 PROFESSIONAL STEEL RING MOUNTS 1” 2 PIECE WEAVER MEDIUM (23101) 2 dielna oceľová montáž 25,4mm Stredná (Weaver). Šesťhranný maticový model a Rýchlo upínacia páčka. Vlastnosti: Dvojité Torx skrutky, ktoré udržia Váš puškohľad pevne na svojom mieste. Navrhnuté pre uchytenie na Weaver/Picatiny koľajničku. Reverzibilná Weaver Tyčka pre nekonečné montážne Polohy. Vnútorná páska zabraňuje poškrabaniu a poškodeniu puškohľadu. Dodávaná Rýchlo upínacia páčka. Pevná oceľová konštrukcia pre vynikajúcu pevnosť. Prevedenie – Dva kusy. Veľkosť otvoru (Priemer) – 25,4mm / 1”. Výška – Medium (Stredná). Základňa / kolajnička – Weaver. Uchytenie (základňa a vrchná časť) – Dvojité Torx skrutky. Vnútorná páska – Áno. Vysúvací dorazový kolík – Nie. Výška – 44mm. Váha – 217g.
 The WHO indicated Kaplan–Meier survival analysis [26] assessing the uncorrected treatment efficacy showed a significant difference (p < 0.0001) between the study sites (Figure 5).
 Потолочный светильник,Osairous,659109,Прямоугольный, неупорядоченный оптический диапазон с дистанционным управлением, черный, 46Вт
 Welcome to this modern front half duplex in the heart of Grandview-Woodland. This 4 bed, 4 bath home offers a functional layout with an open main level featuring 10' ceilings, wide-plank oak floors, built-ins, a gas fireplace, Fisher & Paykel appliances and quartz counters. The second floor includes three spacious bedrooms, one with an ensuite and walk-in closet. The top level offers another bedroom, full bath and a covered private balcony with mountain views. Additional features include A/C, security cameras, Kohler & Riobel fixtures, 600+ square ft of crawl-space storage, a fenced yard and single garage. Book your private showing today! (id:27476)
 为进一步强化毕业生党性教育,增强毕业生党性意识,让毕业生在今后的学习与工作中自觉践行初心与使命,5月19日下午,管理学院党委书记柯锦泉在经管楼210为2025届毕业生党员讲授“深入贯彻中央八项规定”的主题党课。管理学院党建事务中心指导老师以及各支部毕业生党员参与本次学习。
┄┄┄┄┄┄┄┄┄┄┄┄┄┄┄┄┄┄┄┄
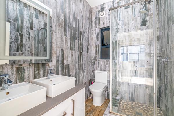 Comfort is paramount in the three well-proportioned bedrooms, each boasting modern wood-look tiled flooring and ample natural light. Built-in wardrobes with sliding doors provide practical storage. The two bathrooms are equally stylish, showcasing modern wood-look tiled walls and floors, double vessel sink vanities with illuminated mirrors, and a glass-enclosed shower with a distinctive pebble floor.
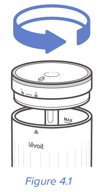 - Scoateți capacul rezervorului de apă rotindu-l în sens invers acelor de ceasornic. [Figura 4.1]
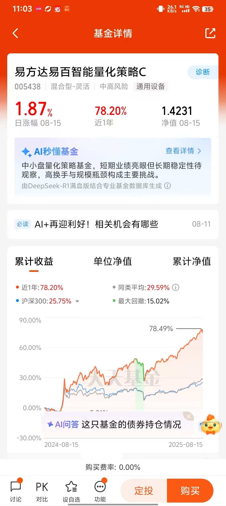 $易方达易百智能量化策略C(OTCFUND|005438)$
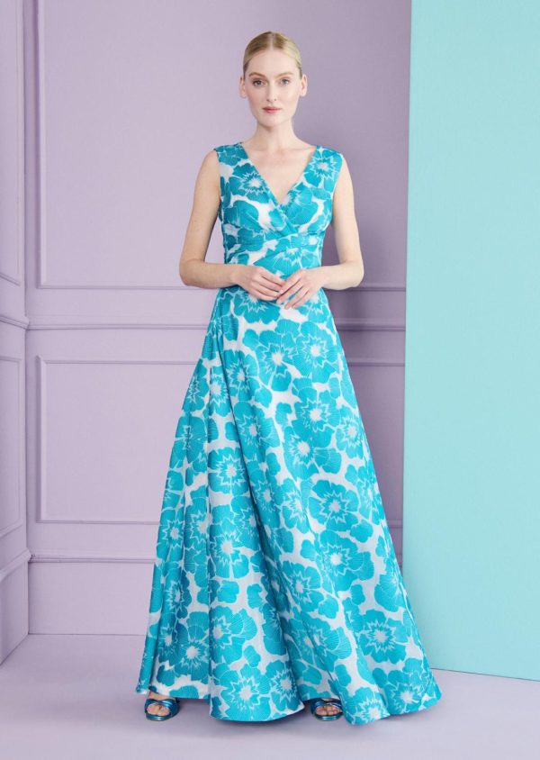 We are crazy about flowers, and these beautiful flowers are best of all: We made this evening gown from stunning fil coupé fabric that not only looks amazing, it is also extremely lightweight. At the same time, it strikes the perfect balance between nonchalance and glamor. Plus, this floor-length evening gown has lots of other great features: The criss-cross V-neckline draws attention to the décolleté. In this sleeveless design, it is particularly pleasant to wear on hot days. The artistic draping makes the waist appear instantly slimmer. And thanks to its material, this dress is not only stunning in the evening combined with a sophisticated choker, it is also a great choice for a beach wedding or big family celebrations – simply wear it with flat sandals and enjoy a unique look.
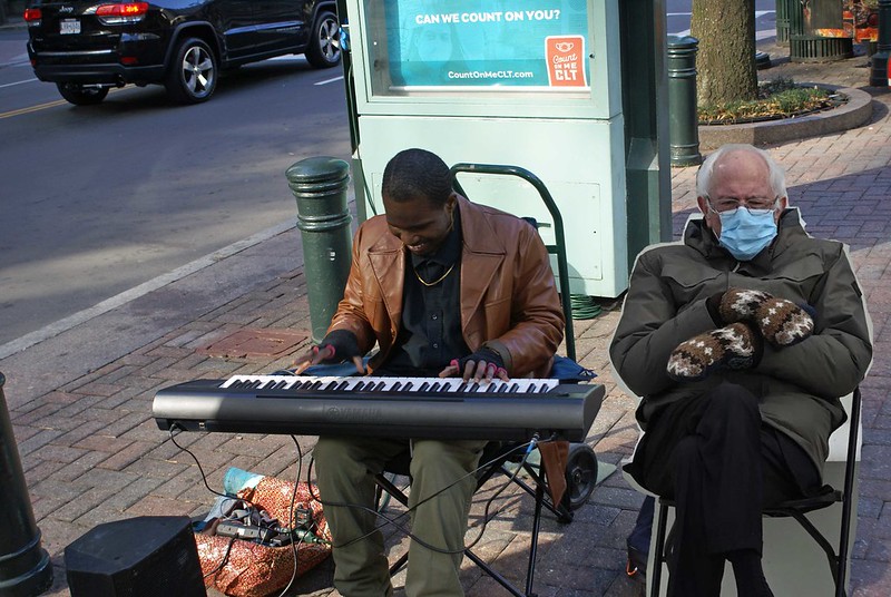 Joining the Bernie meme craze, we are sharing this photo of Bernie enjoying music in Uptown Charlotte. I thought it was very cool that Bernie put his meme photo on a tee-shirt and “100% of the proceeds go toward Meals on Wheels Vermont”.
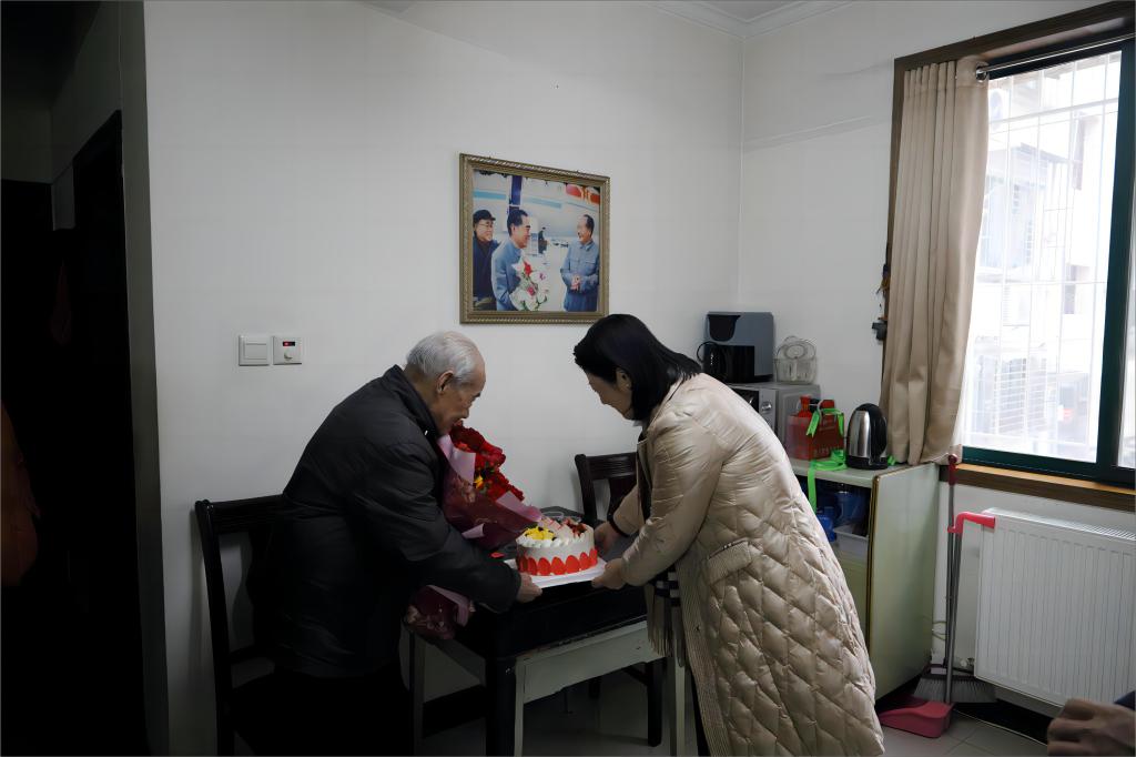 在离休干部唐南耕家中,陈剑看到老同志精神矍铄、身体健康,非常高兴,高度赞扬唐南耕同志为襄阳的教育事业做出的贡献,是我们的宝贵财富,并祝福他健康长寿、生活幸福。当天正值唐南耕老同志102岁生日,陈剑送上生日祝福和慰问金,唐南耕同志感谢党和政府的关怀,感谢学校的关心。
┄┄┄┄┄┄┄┄┄┄┄┄┄┄┄┄┄┄┄┄
ACTIVITY:
Every line from the line containing "The WHO indicated" through the line containing "为进一步强化毕业生党性教育,增强毕业生党" in the records above must be retyped exactly. Leave out the rest.

SOLUTION FOR THIS EXERCISE:
 The WHO indicated Kaplan–Meier survival analysis [26] assessing the uncorrected treatment efficacy showed a significant difference (p < 0.0001) between the study sites (Figure 5).
 Потолочный светильник,Osairous,659109,Прямоугольный, неупорядоченный оптический диапазон с дистанционным управлением, черный, 46Вт
 Welcome to this modern front half duplex in the heart of Grandview-Woodland. This 4 bed, 4 bath home offers a functional layout with an open main level featuring 10' ceilings, wide-plank oak floors, built-ins, a gas fireplace, Fisher & Paykel appliances and quartz counters. The second floor includes three spacious bedrooms, one with an ensuite and walk-in closet. The top level offers another bedroom, full bath and a covered private balcony with mountain views. Additional features include A/C, security cameras, Kohler & Riobel fixtures, 600+ square ft of crawl-space storage, a fenced yard and single garage. Book your private showing today! (id:27476)
 为进一步强化毕业生党性教育,增强毕业生党性意识,让毕业生在今后的学习与工作中自觉践行初心与使命,5月19日下午,管理学院党委书记柯锦泉在经管楼210为2025届毕业生党员讲授“深入贯彻中央八项规定”的主题党课。管理学院党建事务中心指导老师以及各支部毕业生党员参与本次学习。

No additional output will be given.